Anchored-PKA regulates connexin 43 gap junctions communication in the heart

Abstract

In cardiomyocytes, connexin-43 (Cx43) forms gap junction (GJ) channels at the intercalated discs (ID) of cardiomyocytes and ensures electrical impulse propagation. This is essential for sequential and coordinated cardiac contractions. In physiological stress, β-adrenergic receptor (β-AR) stimulation activates protein kinase A (PKA), which increases electrical conduction velocity. In pathological condition of myocardial infarction (MI), the β-AR system is chronically activated. Furthermore, Cx43 is altered that affects GJ communication and electrical conduction leading to fatal arrhythmias. Considering the key role of Cx43 in electrical conduction, we investigated the functional regulation of GJ by PKA-anchored through A-kinase anchoring protein (AKAP) in cardiac physiology and pathophysiology, i.e. MI. Experiments in which PKA is inhibited or displaced from AKAPs point to a PKA-scaffold protein required for PKA-mediated regulation of Cx43 phosphorylation and GJ communication. By a variety of immunoprecipitation and immunolocalization experiments, we show that the AKAP named ezrin forms a molecular complex with PKA and Cx43 in rat hearts at the cellular and tissular levels.
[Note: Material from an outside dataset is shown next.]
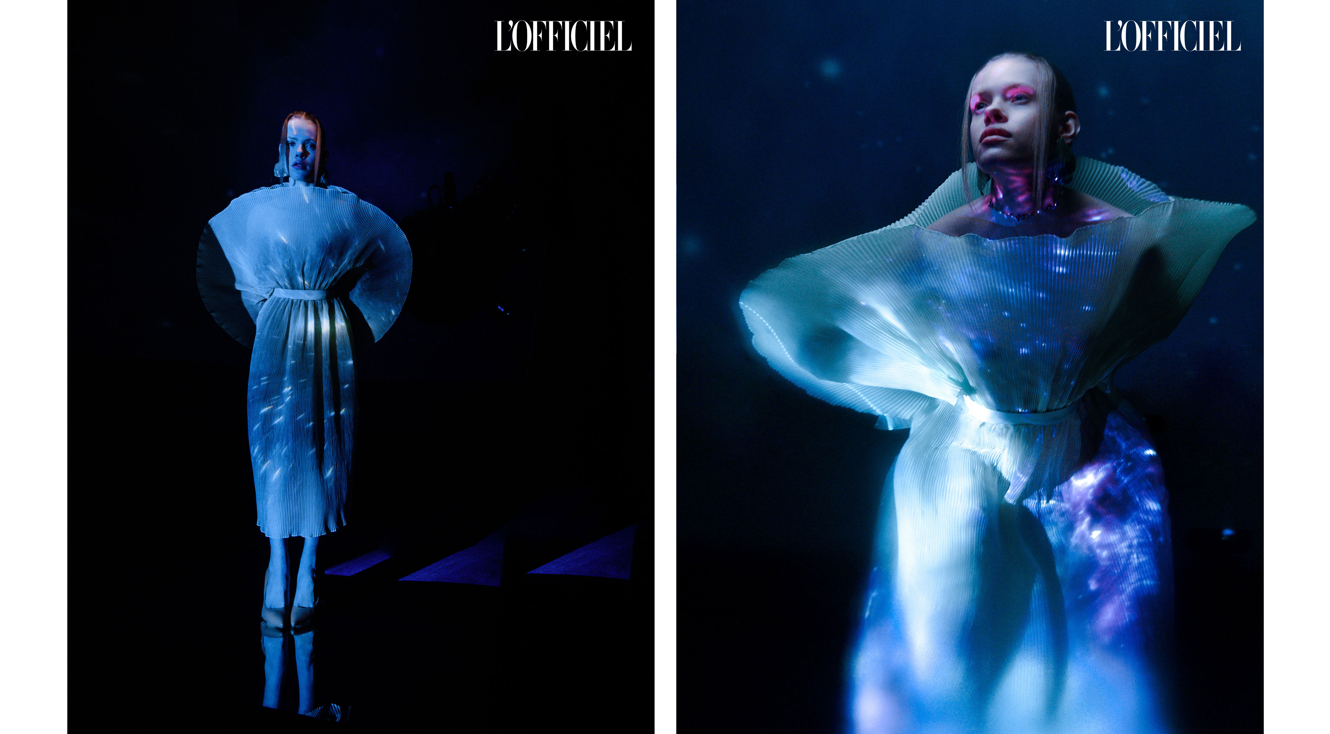 Несмотря на все события реальности, мода все еще остается местом для сюрреализма и красоты, свободным от условностей и границ. Она возвращается к своему главному предназначению — погрузить нас в красивую мечту. Команда передала идею космической фантазии, которая рождается из игры света, текстур и пространства.

While PKA and ezrin expression levels remain constant, Cx43 show a significant reduction after a MI. Interestingly, immunolocalization studies highlight for a decrease in Cx43 vicinity with ezrin at the ID of ventricular cardiomyocytes. All of these suggest for a role of PKA-ezrin-Cx43 complex in the regulation of GJ communication in cardiac physiology and a deregulation of this complex could explain partly the altered electrical propagation observed after a MI.